For now we decided to go with b): https://build.opensuse.org/request/show/964654

Ideally we find some better solution for compatibility with ignition upstream.
I'll leave the bug open for that.

> c) Some other way...
> 
> (In reply to Thomas Blume from comment #5)
> > (In reply to Fabian Vogt from comment #4)
> > > Created attachment 857254 [details]
> > > systemd debug log
> > > 
> > > I wrote a combustion script which adds a debug script to the pre-pivot hook
> > > on boot. With that, it's visible that initrd-fs.target isn't active yet when
> > > dracut-pre-pivot.service runs. The full systemd debug log is attached. Which
> > > of the units are active is random, in this particular run sysroot-etc.mount
> > > was fast enough and is shown as active.
> > 
> > There is probably a dependency missing.

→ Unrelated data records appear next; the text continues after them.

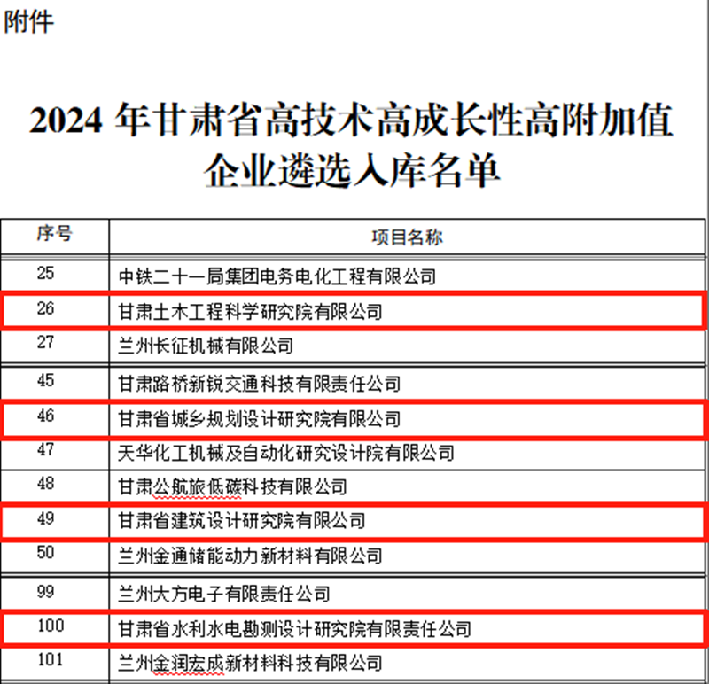近日,甘肃省科技厅宣布2024年甘肃省高技术高生长性高附加值(简称“三高”)企业名单,甘肃40001百老汇官网电子游戏集团旗下省建筑设计院、省水电设计院、省城乡计划院、甘肃土木工程院从众多企业中脱颖而出,乐成登上全省首批“三高”企业榜单。
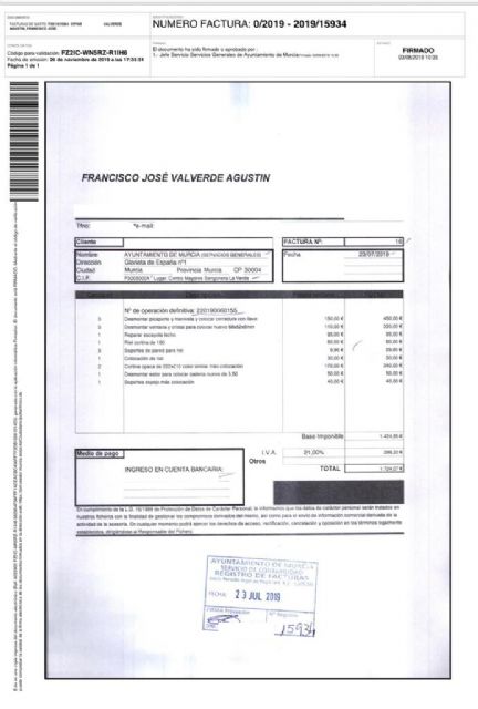Bajo el nombre falso de Antonio Ros, J.C.  ha manipulado nuevamente hoy una factura, en este caso sobre un gasto de Servicios Generales en el Centro de Mayores de Sangonera La Verde, y lo ha trasladado a los medios de comunicación y a los vecinos de la pedanía.
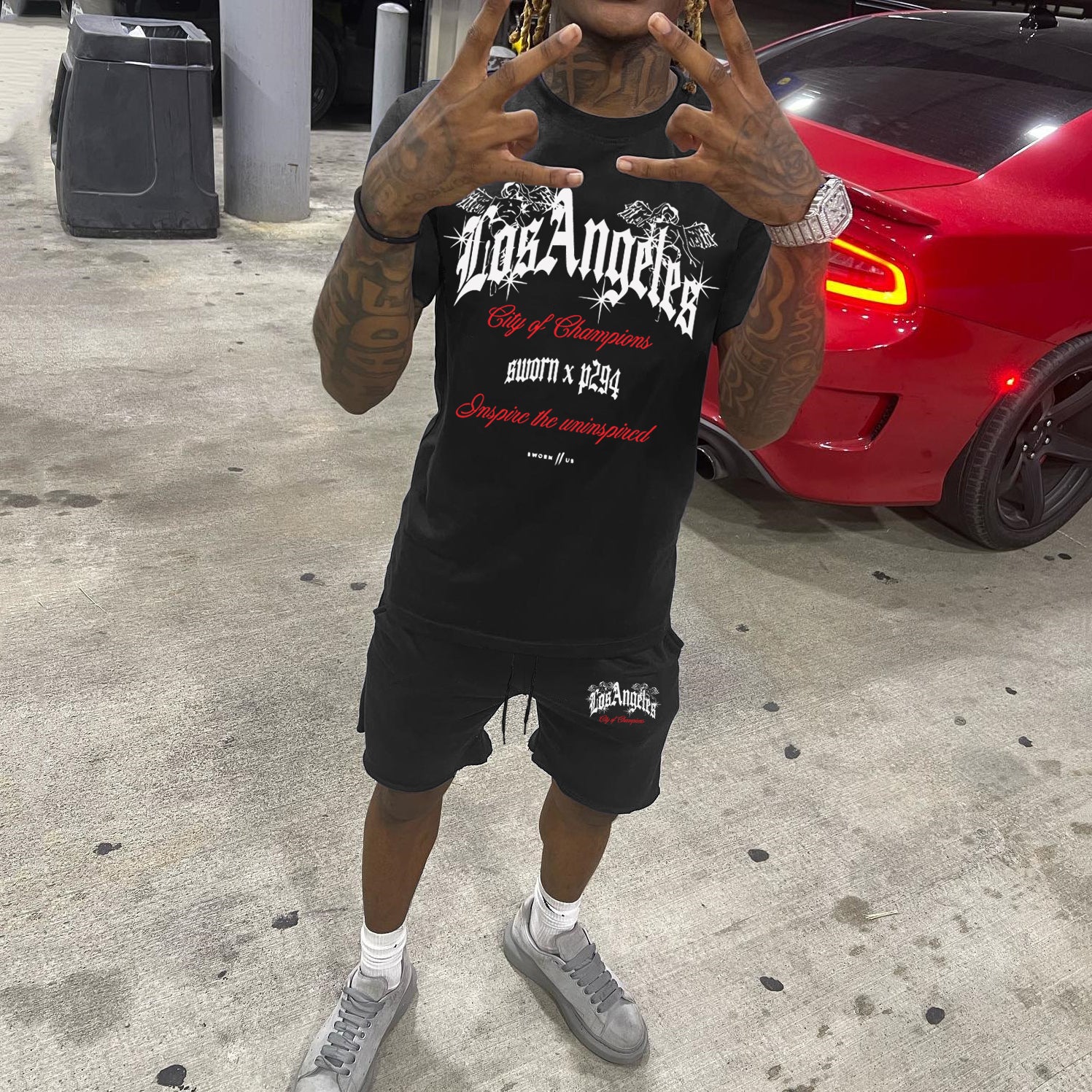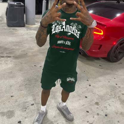 Los Angeles Print Short Sleeve Two Piece Set
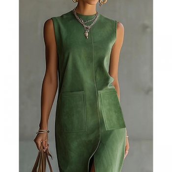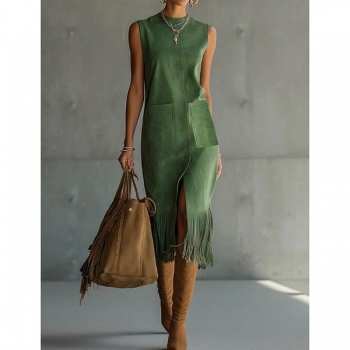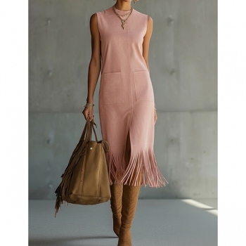 Damklänning i konstmocka med fransar, ärmlös med rund halsringning – boho-westernklänning med fickor

> > On my tumbleweed machine I can see that dracut-pre-pivot.service has no
> > dependency to sysroot-etc.mount, only to sysroot.mount:
> 
> That's expected, you'll only see that if you have an /etc mountpoint with
> x-initrd.mount in /etc/fstab. It'll then get pulled in through
> initrd-fs.target -> initrd.target.
> 
> > -->
> > # cat /usr/lib/systemd/system/dracut-pre-pivot.service
> > #  This file is part of dracut.
> > #
> > # See dracut.bootup(7) for details
> > 
> > [Unit]
> > Description=dracut pre-pivot and cleanup hook
> > Documentation=man:dracut-pre-pivot.service(8)
> > DefaultDependencies=no
> > After=initrd.target initrd-parse-etc.service sysroot.mount
> > After=dracut-initqueue.service dracut-pre-mount.service dracut-mount.service
> > Before=initrd-cleanup.service
> > Wants=remote-fs.target
> > After=remote-fs.target
> > --<
> > 
> > Fabian, can you add such a dep and retry?